I have been developing a new application named Overmix, which attempts to improve the quality of anime screenshot stitching. This article will shortly explain what stitching is, what issues affect the quality and how Overmix tries to fix those. At the end a short summery of the results for the current progress is given.
Background
One common animation technique is panning where the camera moves/pans over the image, showing only a part of it at a given time:
(Shot on YouTube: http://youtu.be/DsHjblyEG88?t=6m25s)
Very little movement actually happens during the shot, in fact only the mouth is moving (presumably to reduce animation costs). This makes it possible to combine the frames together to one large image, which is known as “stitching”.
Source quality
The issue is however that more often than not, the video quality isn’t that great.
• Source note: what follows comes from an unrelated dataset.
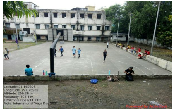
Latitude: 21.169895 Longitude: 79.075282 Altitude: 266.29 m Accuracy: 104.1 m Time: 29-08-2021 07:02 Note: International Yoga Day-2021

The video has been compressed and especially if the source is a TV-transmission or webcast, visual artifacts can be quite noticeable:
The two most significant artifacts with anime encodes is noise (shown above) and color banding/posterization (shown below).
Reducing artifacts
A stitch is normally done by taking two frames, finding the offset between the two images and then soften the edges between the images to make the transition less apparent (which is usually done by applying a gradient on the alpha channel).
Since this is a time consuming process, as few frames as possible is used. The idea is to do the opposite, use as many frames as possible. The reason is that the artifacts are not static, for every frame they differ slightly. In result, every frame carries a slightly different set of information. The goal is then to derive the original information, based on this set of inconsistent information.
Just by using the average, we can get quite decent results:
(Right is a single frame, left is the average of all unique frames.)
Results
Noise artifacts has shown to nearly disappear completely when simply averaging every frame with each other, even when the source has a significant amount of noise artifacts. Color banding is also reduced but with much more varying amounts.
Even with modern TV-encodes, stitches sees a significant improvement from using this technique and can visually be tell apart at normal magnification. Surprisingly, even when using good BD-encodes there is usually a slight improvement, but normally requires 2-4 times magnification to be noticeable.
It has shown that it often is not possible to make a perfect alignment when sticking to the pixel grid. This causes the images to be slightly more blurry than originally. It is an area which still requires work.
Using the average to derive the result is not always desirable, as the encode might contain information not related to the image. Such information could be subtitles, TV logos or simply errors in the source. See the following image as example, the most-right column of pixels was completely black and shows up as lines in the averaged image.
However the currently devised algorithms has a tendency to choke on the slight misalignment mentioned previously and cause unwanted artifacts. If this is solved best by fixing the misalignment or by improving the algorithm is up to discussion.
Binaries and source code
Overmix is licensed as GPLv3 and can be found here: Overmix on Github
Binaries for Windows 64-bit can also be found on Github here: Overmix releases
August 14th, 2016 16:20
Sadly, that there is no 32bit version…
August 30th, 2016 14:28
I do not currently have a setup capable that can compile a 32-bit version, and it would take me several hours (at least) to set it up and I honestly don’t want to.
However I do not see any reason to why anyone would benefit from using a 32-bit OS today. If you can convince me that 32 bit is a necessarily for some people, I will put in on my todo list, but as I see it, people have had 10 years now to upgrade to a 64-bit system and failing to do so is their own fault. (For those who swear to Windows XP, note that Overmix relies on software which have dropped support of XP.)
February 25th, 2017 05:19
It works nicely well for non moving images but can’t seem to get it to work on anime images that have the view moving around.
September 7th, 2018 13:52
Sorry for the late reply, I didn’t notice your comment and it has been in the spam queue all this time.
The aligning method isn’t perfect and might require you to mess with the settings a little. I haven’t spent time improving it as I rarely end up with an image which will not align, but I have been considering to improve it.
If you have difficulties, feel free to ask. If you share the images you are trying to stitch as well I can give some more specific advice. Preferably create an issue on Github: https://github.com/spillerrec/Overmix/issues but if you do not want to create an account on Github you can send me an mail: spillerrec@gmail.com. Or you can just comment here, but seeing as it took me about 1½ years to notice it I don’t recommend it.
There is a bit of information on how to use the program on the wiki, but it is still fairly incomplete: https://github.com/spillerrec/Overmix/wiki
If there is anything specific you would like to know, notify me and I will try to add it.